Trustingly, this stranger allowed me a Proustian tour of a memory-rich house whose floors I hadn’t traipsed since my age was single digits back in the 1950s.
Sure, I’ve often driven past the two-tone wood structure on North Monroe Street that my parents sold in pursuit of larger dreams over by Chain Bridge. But that was more as a lurker than a denizen of the historic community off Lee Highway named for an orchard in the 19th century.
Cherrydale was my family’s Arlington road not taken. So I boned up on its macro-changes — I-66, gentrification in this National Historic District — before indulging the personal.
“Fifty years ago, Cherrydale was a close-knit community, with a small home-town feeling, a thriving downtown, and our own overcrowded school,” says Kathryn Holt Springston, the all-but-official Cherrydale historian who gives Smithsonian walking tours of its century-old Sears homes. “The houses were mostly small, the yards big, and there was plenty of room for the kids to roam. Today Cherrydale is still close-knit, with neighbors who look out for each other and enjoy community activities — our annual parade, picnic and Christmas with Santa at the fire station,” she says. “We still have adorable smaller older homes, including many kit houses, despite the influx of newer huge monstrosities.”
(Springston, by the way, was my 1st-grade classmate at Cherrydale Elementary, which closed in 1970, giving way to the Cherrydale Health and Rehabilitation Center.)
Bob Witeck, a Cherrydale stalwart of 20 years who bought in part because of fond memories of nearby St. Agnes school, loves the proximity to Washington. There’s a “healthy mix of blue-collar families and younger professionals,” he adds, though “we’re not immune to developer appetites to tear down the old and stack up McMansions.”
The threat of “supersizing” also bugs the owner of my former home, who wonders why quantity of space is valued over quality. Having “loved the place the minute” she saw it, she gasps when I show her my photo of the 1930-vintage house around the time she arrived in the 1980s.

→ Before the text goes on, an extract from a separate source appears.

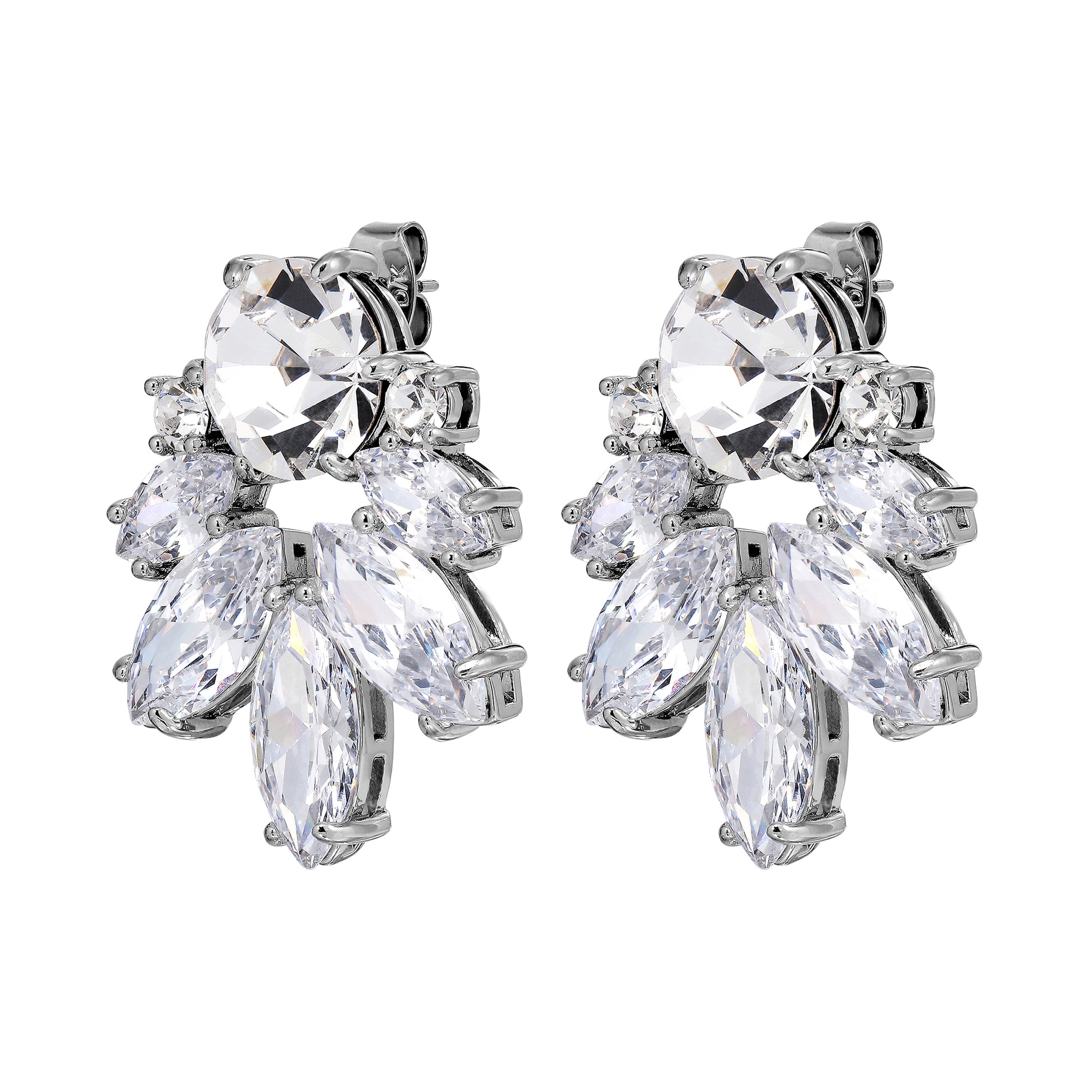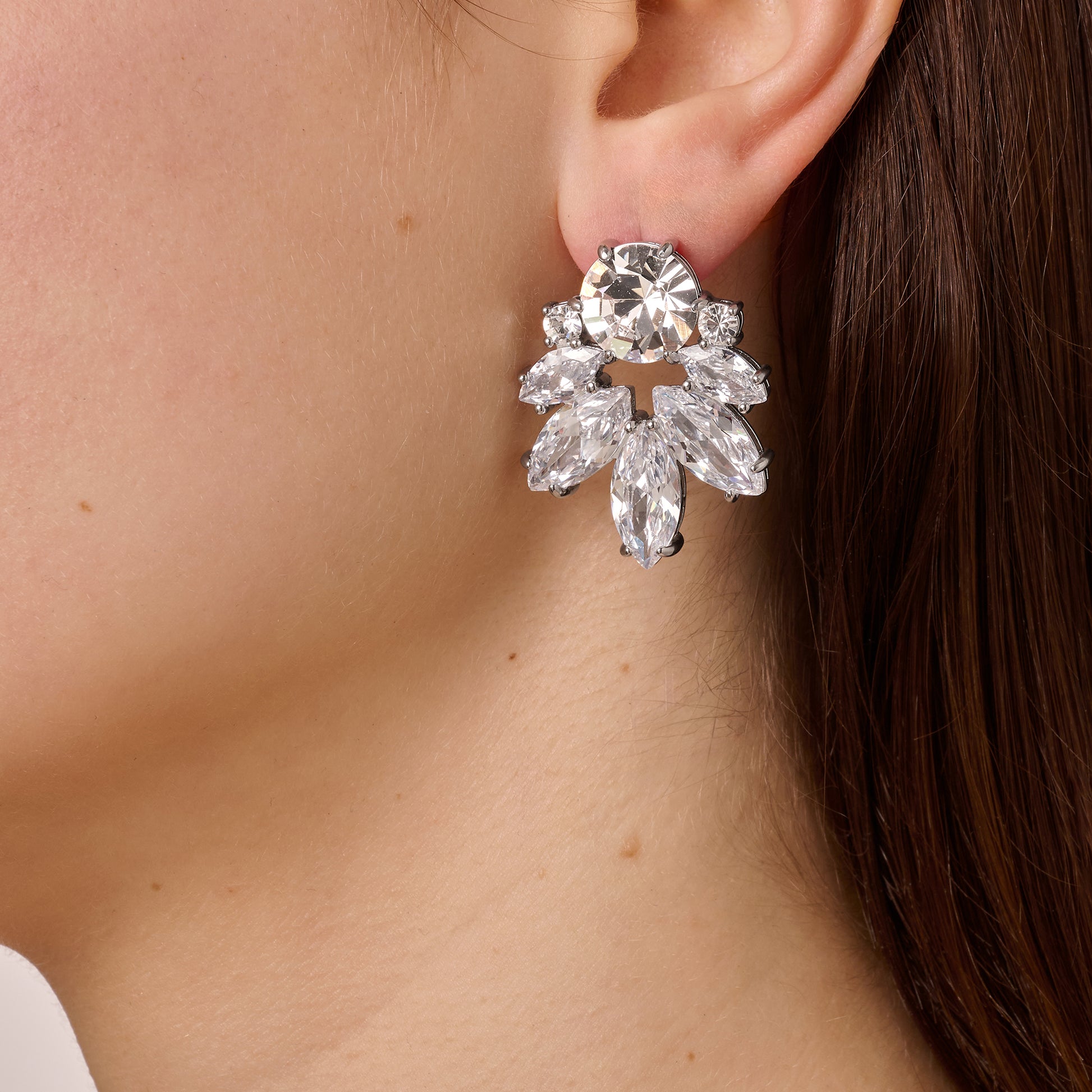 DRAGO er et øredobbdesign med en halvsirkel av bladformede krystaller som omkranser en større, rund kontrastfarget sten. Vist her med klassiske hvite krystaller i sølvtonet finish.

My reminiscences may have bored her, but she cheerfully guided me to the kitchen that, for me is the primordial kitchen, with its cozy pantry where my mother stored mysterious bottles labeled “quinine water.” Still intact was the back porch where I burned my hand on a Fourth of July sparkler. And the stairs down which my father fell and broke his leg, having slipped on a grape dropped by me or my brother (more likely him!).
Recognizable beneath the current decorating scheme is the TV room where I watched “American Bandstand” and mocked my dad for watching something called “Meet the Press” (which I now watch).
The changes have been minor, my hostess assures me-new exterior vinyl, a fancier backyard garden, front-door surroundings recast after the rotting of a bench and lattice.
Back outside, I stroll and recover more memories: The vanished alley once occupied by Mr. Dortzbach’s plumbing truck, our penny-candy store now a Philippine market, the wooden box down the block I believe is Arlington’s smallest house.
It was a lovely walk down the road not taken.